• _WORK REQUEST_: Print, exactly as they appear in the listing below, the lines from the line with "En svart, ärmlös" to the line with "Disfruta de la", with both end lines kept.

[MATERIAL SUPPLIED — start]

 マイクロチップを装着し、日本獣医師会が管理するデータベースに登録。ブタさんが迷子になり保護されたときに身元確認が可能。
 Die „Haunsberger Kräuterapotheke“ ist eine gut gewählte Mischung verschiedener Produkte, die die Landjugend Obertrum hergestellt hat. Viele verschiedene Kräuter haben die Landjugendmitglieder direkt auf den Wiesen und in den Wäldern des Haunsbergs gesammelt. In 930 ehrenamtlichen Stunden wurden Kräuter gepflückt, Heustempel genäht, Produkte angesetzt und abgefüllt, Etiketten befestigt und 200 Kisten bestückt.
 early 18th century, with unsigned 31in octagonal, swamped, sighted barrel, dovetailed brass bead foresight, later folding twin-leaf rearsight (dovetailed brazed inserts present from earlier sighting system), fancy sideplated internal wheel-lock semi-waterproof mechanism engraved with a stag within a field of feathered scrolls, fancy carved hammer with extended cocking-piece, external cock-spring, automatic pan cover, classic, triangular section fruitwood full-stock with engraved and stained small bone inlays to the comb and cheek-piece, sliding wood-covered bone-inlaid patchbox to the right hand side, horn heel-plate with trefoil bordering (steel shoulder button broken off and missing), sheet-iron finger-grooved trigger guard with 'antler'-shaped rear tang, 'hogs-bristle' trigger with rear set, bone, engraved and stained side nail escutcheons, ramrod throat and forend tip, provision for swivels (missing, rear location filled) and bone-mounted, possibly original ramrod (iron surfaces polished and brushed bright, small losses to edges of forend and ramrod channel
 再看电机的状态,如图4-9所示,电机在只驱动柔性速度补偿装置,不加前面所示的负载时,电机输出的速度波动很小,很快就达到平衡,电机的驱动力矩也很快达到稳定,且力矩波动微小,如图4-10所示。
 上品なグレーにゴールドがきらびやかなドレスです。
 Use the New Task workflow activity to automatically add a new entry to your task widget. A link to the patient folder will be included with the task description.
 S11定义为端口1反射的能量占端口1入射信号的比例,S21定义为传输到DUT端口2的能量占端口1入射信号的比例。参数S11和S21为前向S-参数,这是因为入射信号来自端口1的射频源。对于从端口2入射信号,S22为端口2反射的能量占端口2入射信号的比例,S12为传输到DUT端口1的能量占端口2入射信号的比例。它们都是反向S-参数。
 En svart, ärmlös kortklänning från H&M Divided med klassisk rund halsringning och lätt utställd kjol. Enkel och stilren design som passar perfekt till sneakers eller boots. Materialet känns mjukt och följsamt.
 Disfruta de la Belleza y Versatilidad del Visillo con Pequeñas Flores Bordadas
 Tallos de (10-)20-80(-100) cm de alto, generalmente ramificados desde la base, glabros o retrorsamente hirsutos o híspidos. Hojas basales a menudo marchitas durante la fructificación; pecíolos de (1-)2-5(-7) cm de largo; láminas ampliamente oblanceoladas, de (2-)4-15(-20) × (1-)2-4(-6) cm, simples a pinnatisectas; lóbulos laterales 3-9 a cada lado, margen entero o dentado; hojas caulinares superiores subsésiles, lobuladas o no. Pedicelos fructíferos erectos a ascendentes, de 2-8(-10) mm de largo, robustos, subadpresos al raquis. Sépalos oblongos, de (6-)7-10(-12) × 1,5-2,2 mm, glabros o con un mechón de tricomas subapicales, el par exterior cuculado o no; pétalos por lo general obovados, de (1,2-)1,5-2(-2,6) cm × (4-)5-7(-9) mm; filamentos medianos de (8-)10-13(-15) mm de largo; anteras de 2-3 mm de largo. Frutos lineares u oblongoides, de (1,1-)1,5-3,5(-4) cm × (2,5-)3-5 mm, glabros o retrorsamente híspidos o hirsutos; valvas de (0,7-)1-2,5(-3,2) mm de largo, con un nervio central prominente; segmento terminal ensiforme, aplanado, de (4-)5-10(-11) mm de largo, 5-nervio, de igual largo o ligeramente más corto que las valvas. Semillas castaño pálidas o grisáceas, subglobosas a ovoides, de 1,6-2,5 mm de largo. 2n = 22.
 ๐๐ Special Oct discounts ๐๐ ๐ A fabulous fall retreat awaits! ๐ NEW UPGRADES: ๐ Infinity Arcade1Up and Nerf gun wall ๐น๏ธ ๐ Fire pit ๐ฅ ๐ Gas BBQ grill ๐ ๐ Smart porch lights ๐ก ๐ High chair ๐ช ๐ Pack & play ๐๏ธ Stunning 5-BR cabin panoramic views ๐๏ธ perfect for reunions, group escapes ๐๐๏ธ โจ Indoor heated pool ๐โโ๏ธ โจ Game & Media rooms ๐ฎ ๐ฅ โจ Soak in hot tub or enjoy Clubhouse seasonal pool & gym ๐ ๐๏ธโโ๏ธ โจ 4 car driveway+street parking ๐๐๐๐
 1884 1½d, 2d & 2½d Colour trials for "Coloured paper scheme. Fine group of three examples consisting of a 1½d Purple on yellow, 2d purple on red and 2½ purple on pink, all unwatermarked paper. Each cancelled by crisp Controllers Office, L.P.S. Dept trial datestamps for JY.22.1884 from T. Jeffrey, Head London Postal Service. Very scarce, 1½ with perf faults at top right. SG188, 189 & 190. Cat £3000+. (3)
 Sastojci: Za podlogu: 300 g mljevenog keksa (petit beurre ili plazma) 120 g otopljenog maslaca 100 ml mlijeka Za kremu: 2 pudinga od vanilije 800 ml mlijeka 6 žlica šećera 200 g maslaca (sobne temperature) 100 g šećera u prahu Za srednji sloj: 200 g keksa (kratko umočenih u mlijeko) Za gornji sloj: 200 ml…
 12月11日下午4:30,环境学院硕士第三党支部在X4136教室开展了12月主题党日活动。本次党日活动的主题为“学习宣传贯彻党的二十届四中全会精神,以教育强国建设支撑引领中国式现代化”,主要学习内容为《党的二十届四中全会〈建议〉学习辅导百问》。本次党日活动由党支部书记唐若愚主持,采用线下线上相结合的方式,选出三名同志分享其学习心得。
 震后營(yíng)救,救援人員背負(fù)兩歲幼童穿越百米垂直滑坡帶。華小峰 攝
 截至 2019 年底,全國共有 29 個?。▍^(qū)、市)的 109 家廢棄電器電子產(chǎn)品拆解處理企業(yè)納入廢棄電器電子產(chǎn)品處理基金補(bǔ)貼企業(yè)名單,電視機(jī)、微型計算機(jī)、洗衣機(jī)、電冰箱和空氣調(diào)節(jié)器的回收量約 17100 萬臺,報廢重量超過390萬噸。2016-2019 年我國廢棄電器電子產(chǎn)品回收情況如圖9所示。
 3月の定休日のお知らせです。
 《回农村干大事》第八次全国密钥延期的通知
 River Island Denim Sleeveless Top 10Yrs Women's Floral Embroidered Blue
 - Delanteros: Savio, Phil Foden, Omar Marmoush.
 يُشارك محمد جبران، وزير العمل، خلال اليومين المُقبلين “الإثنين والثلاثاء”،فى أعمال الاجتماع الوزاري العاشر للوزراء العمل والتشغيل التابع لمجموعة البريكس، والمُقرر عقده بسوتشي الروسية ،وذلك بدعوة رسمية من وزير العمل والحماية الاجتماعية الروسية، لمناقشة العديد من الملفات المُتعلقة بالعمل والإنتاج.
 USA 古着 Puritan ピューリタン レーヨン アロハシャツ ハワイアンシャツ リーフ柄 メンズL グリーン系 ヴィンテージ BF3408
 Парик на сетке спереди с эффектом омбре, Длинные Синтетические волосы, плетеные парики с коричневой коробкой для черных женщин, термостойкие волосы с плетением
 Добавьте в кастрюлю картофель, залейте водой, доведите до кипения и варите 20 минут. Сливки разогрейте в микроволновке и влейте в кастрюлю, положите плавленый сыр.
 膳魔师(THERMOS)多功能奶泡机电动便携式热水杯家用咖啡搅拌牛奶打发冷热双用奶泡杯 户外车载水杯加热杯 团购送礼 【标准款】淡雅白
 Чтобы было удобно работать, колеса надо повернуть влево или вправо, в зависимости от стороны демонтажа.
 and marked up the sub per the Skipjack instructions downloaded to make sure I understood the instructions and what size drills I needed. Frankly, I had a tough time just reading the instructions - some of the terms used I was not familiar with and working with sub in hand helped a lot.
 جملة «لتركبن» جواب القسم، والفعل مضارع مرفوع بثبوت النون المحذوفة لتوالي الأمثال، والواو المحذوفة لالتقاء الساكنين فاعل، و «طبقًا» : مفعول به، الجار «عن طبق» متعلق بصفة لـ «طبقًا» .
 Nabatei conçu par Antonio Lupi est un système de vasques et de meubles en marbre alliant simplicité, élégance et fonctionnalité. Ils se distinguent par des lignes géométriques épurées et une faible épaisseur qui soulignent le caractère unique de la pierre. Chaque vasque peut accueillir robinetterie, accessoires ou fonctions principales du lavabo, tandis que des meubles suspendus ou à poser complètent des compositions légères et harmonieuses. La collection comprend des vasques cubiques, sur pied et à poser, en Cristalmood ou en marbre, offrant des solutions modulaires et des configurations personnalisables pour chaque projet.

[MATERIAL SUPPLIED — finish]

• _RESPONSE AREA_:
 En svart, ärmlös kortklänning från H&M Divided med klassisk rund halsringning och lätt utställd kjol. Enkel och stilren design som passar perfekt till sneakers eller boots. Materialet känns mjukt och följsamt.
 Disfruta de la Belleza y Versatilidad del Visillo con Pequeñas Flores Bordadas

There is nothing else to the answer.